= Unverified personal gnosis =

Belief gained through personal experience

Unverified personal gnosis (UPG), sometimes referred to as subjective personal gnosis, is said to be spiritual belief gained through personal experience or intuition that cannot be attributed to or corroborated by received tradition, professional scholarship, or direct citation in an accepted religious text. The term is used primarily within polytheist reconstructionisms and other Neopagan communities.

UPG purportedly comes about when an individual gains an understanding of a god, spirit, myth, or ritual by means of intuition or the experience of communication with a non-human entity. Such communication can take place through various forms, such as dreams, ecstatic states, and divination. Phenomenologically, it is identical to "magical consciousness" as described by Susan Greenwood (see below) and has also been referred to in anthropological literature as "extraordinary experience".

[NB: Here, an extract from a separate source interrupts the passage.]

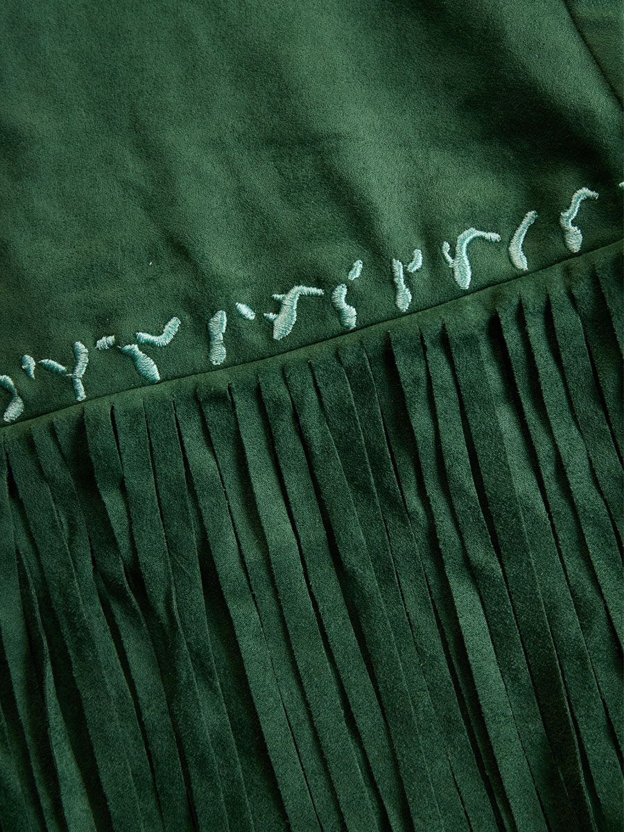 The Semi-High Neck Off-the-Shoulder Fringed Faux Suede Long-Sleeved Mini Dress captures a distinctive mix of modern edge and bohemian allure. Crafted from soft faux suede, it features a semi-high neckline that contrasts beautifully with its off-the-shoulder design. Cascading fringe details accentuate movement and add playful texture, while the fitted silhouette enhances the figure. Ideal for statement-making occasions, this piece pairs perfectly with heeled boots and bold accessories for a confident, fashion-forward look.

== In Western polytheism ==
Within polytheist reconstructionism, UPG is contrasted to textual knowledge, which comes from ancient texts or artifacts, or from secondary scholarship; and community knowledge, which may be received tradition, agreed-upon practice, or mutual corroboration of multiple peoples' personal gnoses. Because reconstructionists attempt to rebuild pre-Christian religious and spiritual practices based on texts, archaeology, and historical research, some practitioners find UPG to be counter to the point or excessively permissive. Others argue that because so much information about ancient practices is lost or inconclusive, it is a necessary aspect of reviving them in the modern world.

== In anthropology of religion ==
UPG aligns with what anthropologist Susan Greenwood calls "magical consciousness". In this mode, often but not always enabled by a deliberately induced trance state, a person experiences awareness of and participation with other consciousnesses. These other consciousnesses are understood in terms of the experiencer's cultural setting, often as separate beings but also as aspects of the self or larger patterns of which the self is a small part. Greenwood describes magical consciousness as other than analytical knowledge, and observes that such experiences are often not well expressed verbally. Importantly, the experiences may be involuntary—one does not necessarily consciously direct them, and may experience unexpected events or sensations. In reconstructionist communities, UPG is particular in that it is specifically delineated as "unverified"—that is, the subjectivity of the experience is highlighted, although the experience itself is not questioned.